The following is an example of the custom_entity input format, which is for reference only. You need to modify the information about the custom fault entity as required.

{
    "41001": {       # Fault code. Customize fault codes based on the actual situation and ensure fault codes are different from those supported by MindCluster Ascend FaultDiag.
        "attribute.class": "Software",
        "attribute.component": "AI Framework",
        "attribute.module": "Compiler",
        "attribute.cause_zh": "Failed to merge abstract types",
        "attribute.description_zh": "During gradient calculation for the function output, the abstract types do not match. As a result, the abstract types fail to be merged.",
        "attribute.suggestion_zh": [
               "1. Check whether the output type of the gradient calculation function is the same as that of sens_param.

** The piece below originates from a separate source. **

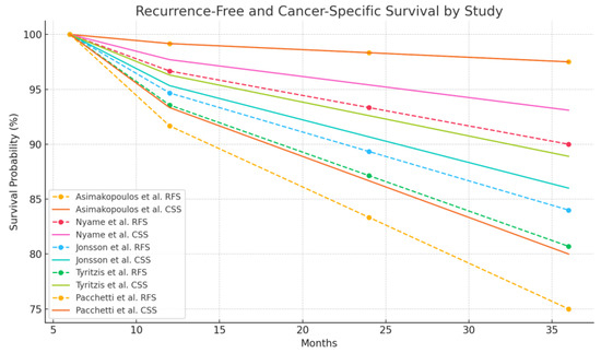 RARC has demonstrated oncological outcomes comparable to open radical RC (ORC) [14]. Key metrics—including negative surgical margins (NSM), recurrence-free survival (RFS), cancer-specific survival (CSS), and lymph node dissection (LND) yields—suggest that RARC can be an effective surgical option for bladder cancer. However, the variability in results, particularly in advanced disease stages, highlights the importance of cautious interpretation and appropriate patient selection. High NSM rates are consistently reported in studies of RARC. Asimakopoulos et al. [24] observed a 97.5% NSM rate in their cohort, with a single case of a soft tissue-positive margin in a pT3a tumor. Preservation-focused approaches, including fascia-sparing [28] and detrusor apron-sparing [27], also achieved NSM rates of 100%. These results suggest that RARC can achieve high surgical precision. Still, positive margins in advanced cases, such as those reported by Koseoglu et al. (40% positive margins in pT4 cases) [32], underscore the challenges in more aggressive diseases. RFS and CSS further reflect the oncological reliability of RARC. Asimakopoulos et al. reported a 97.5% RFS at 26.5 months, and Jonsson et al. observed 84% RFS and 86% CSS at 36 months. Tyritzis et al., evaluating bilateral NS RARC, noted an RFS of 80.7% at 30 months, suggesting that nerve-preserving approaches do not necessarily compromise cancer control [22,24,26,29]. In female patients undergoing organ-preserving RARC, studies by Tuderti et al. and Lavallée et al. reported 100% and 83% RFS, respectively [29,30]. However, Pacchetti et al. documented lower CSS at 80% over three years, with distant metastases in 27.3% of patients, emphasizing the need for improved strategies in high-risk and advanced cases [31] (Figure 2).

If they are different, change them to the same type;",
               "2. Error "Type Join Failed" is displayed during automatic derivation."
           ],
        "attribute.error_case": [
            "grad = ops.GradOperation(sens_param=True)",
            "# Output type of test_net: tuple (Tensor, Tensor)",
            "def test_net(a, b):",
            "    return a, b"
              ],
        "attribute.fixed_case": [
            "grad = ops.GradOperation(sens_param=True)",
            "# Output type of test_net: tuple (Tensor, Tensor)",
            "def test_net(a, b):",
            "    return a, b"
            ],
        "rule": [
            {
                "dst_code": "20106"
            }
        ],
        "source_file": "TrainLog",
        "regex.in": [
            "Abstract type", "cannot join with"
            ]
    }
}

For details about the parameters in custom_entity, see Table 1.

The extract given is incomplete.